IF BERGDAHL did indeed walk off the battlefield as a matter of conscience, he did what thousands of soldiers no doubt dreamed of doing.

This particular battlefield cost U.S. taxpayers $557 billion between 2001 and 2011, of which only 5.6 percent went to development or governance, according to No Good Men Among the Living by investigative journalist Anand Gopal.

This particular battlefield has destroyed tens of thousand of lives in one of the poorest countries in the world--a battlefield where the Taliban had surrendered just months after the initial invasion in 2001, only to be reanimated by bloodthirsty U.S. politicians who deemed their enemy's surrender insufficient. They wanted to get their war on, so they were going to get their war on.

If Bergdahl left the battlefield to pursue his conscience, al-Qaeda's decision to abandon it years before he arrived must have played a role in his choice. Following the initial invasion in 2001, al-Qaeda had fled to Pakistan. If Bergdahl fled the battlefield, it was the battlefield on which the U.S. was backing the very same warlords responsible for thousands of rapes and murders of Afghans during the '90s, according to Gopal.
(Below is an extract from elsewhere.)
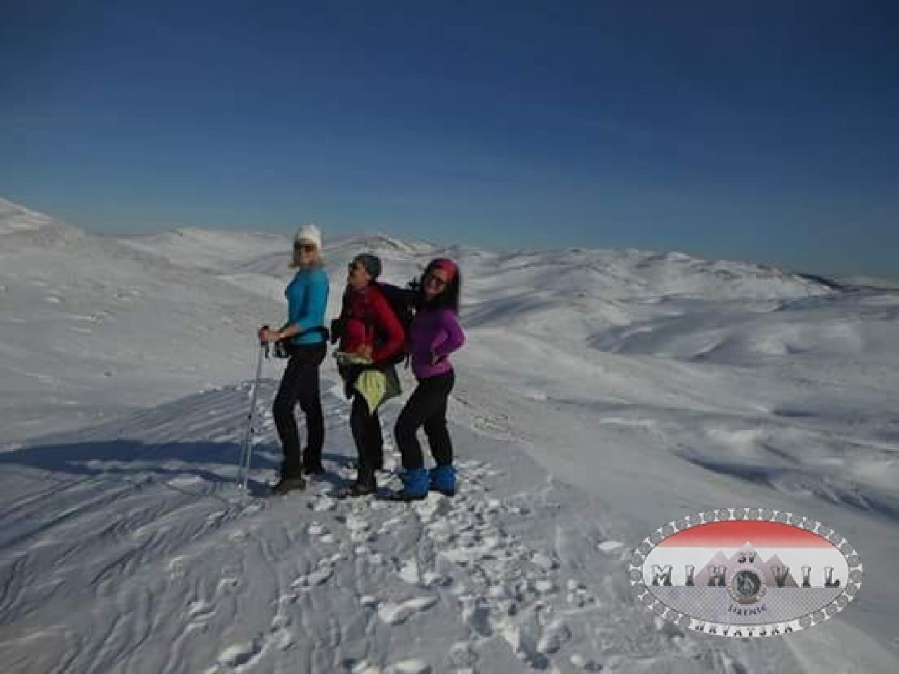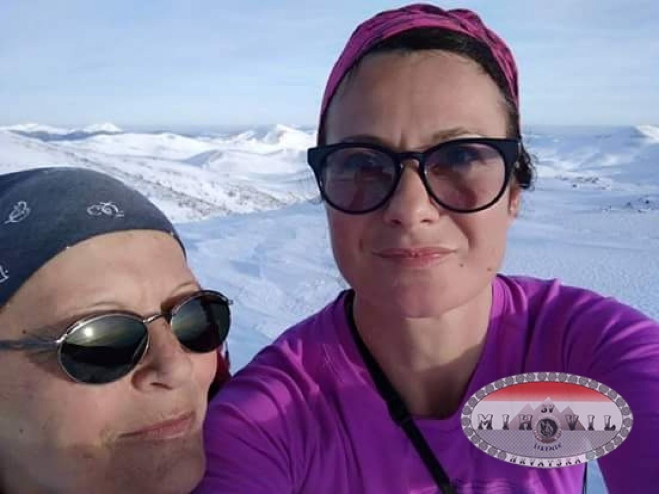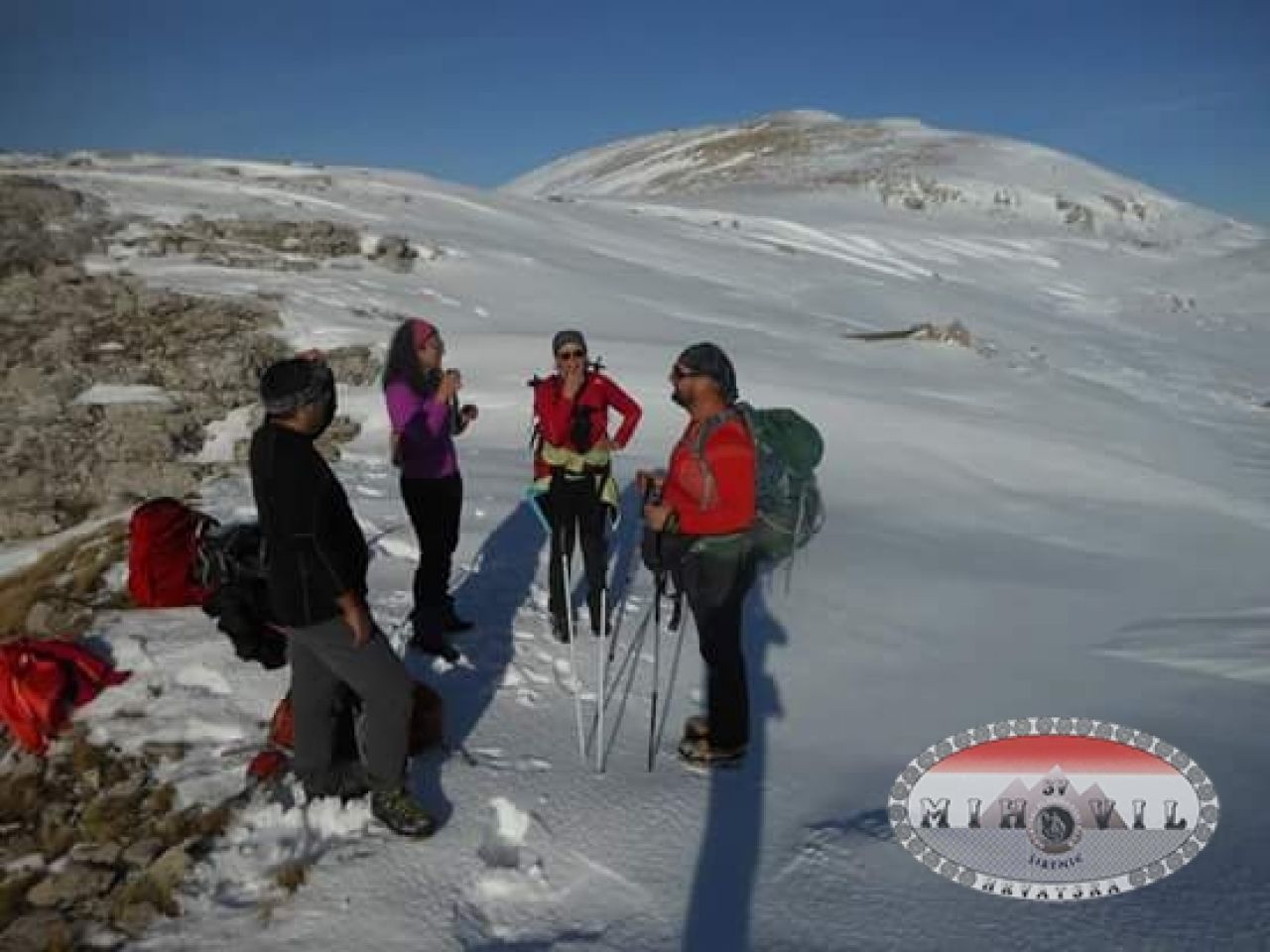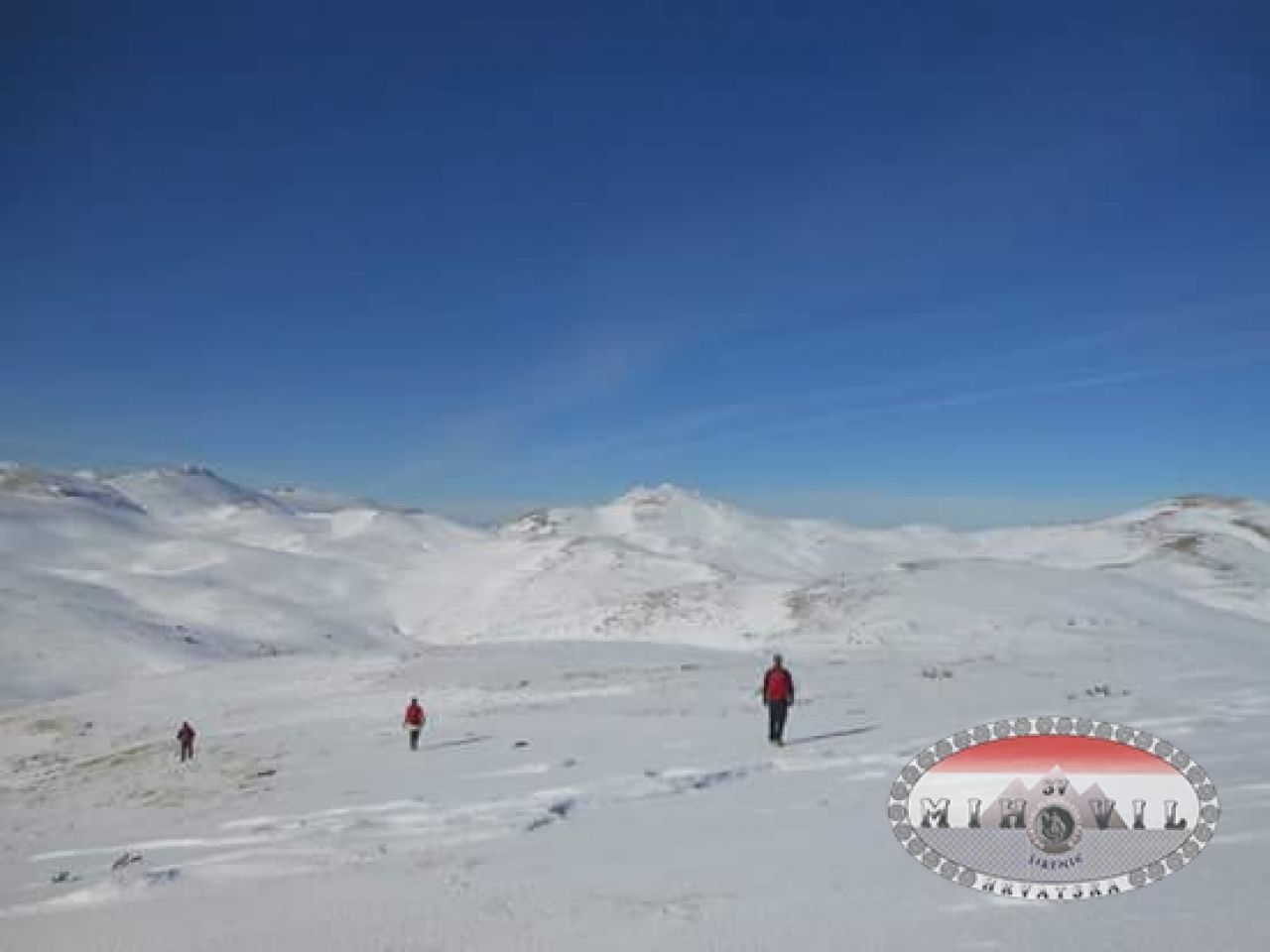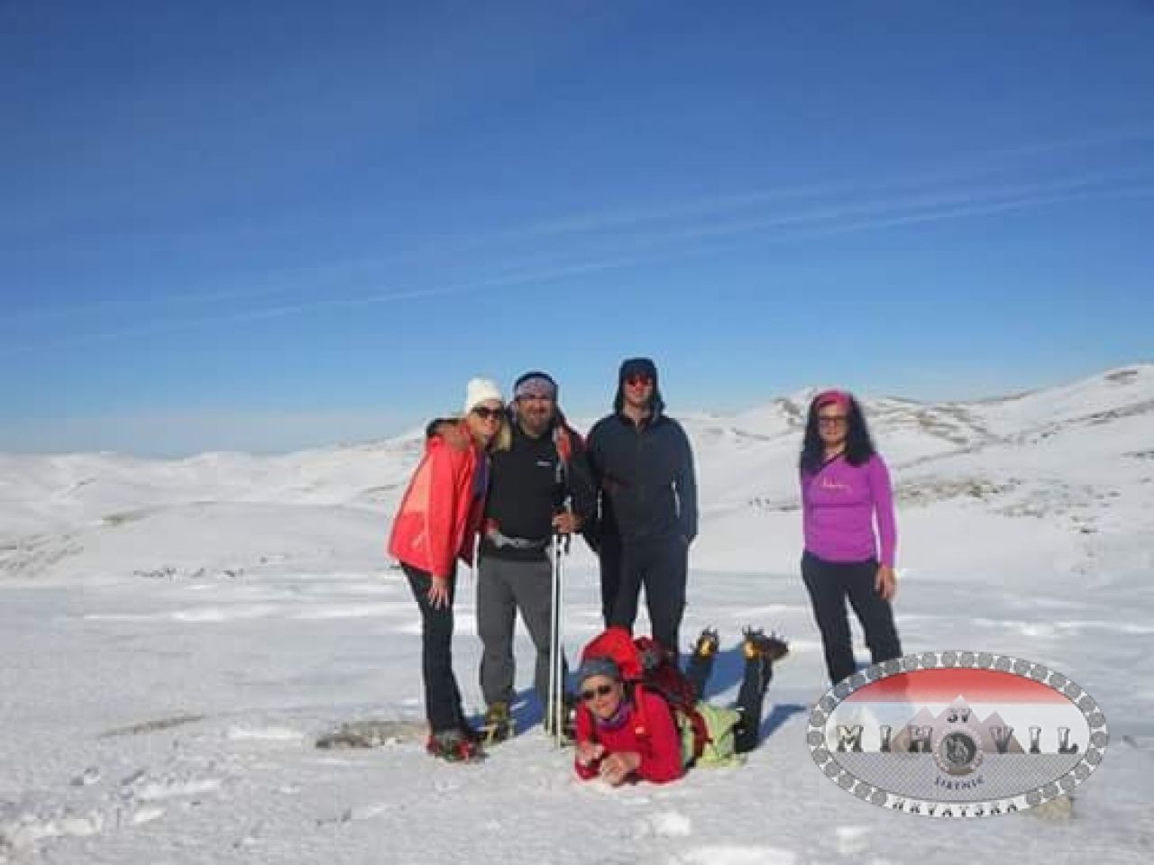 Snijega na sve strane, u početku savršen za hodanje samo u gojzama, kasnije smo došli do dijelova di je ipak bilo pametnije staviti dereze i nastaviti sigurnije. Na vrhu lagano marendali, obavili „fotosešn“ sa svim okolnim vrhovima u pozadini i mahali Moši i Beći na Lišanjskom. Srića je samo šta Anka nije krenila prema Lišanjskom jer bi se sigurno naoblačilo, s obzirom da je do sad gori bila šest puta i nikad ništa nije uspila viditi s vrha šta od oblaka šta od magle.

What we do know is that Bergdahl, home-schooled by his parents who stressed ethics and a Calvinist sense of discipline, had grave doubts about the war he had become entangled in. A few months before he allegedly left his post, he sent an e-mail to his parents describing his own role in the U.S. mission in Afghanistan:

The future is too good to waste on lies. And life is way too short to care for the damnation of others, as well as to spend it helping fools with their ideas that are wrong. I have seen their ideas, and I am ashamed to even be American...In the U.S. Army you are cut down for being honest...but if you are a conceited brown-nosing shit bag, you will be allowed to do whatever you want, and you will be handed your higher rank...The system is wrong.

Bergdahl likely came to realize that he was little more than a pawn in territorial disputes among warlords--warlords who wanted unfettered access to the endless sums of cash that oozed from the American generals and majors looking to buy their allegiances.

Those Afghans who questioned the corruption of U.S.-backed warlords were labeled Taliban, and even being accused of being Taliban was sufficient to subject innocent people to deportation to Guantanamo or death by U.S. forces.

It takes courage and a little bit of outside reading--Gopal's book is essential--to sift through the war propaganda being directed at Bergdahl. It wouldn't make sense to call a doctor who correctly diagnoses a patient with cancer "anti-patient." Or "pro-cancer." Likewise, it doesn't make sense to label a soldier who calls out the cancer of the U.S. military-industrial complex currently eating away at the world a "traitor." Or a "deserter."

All of those who refuse to serve in U.S. wars of conquest deserve support for showing the courage necessary to stand up against the entire military machine. If Bergdahl is one of them, he deserves our support, too.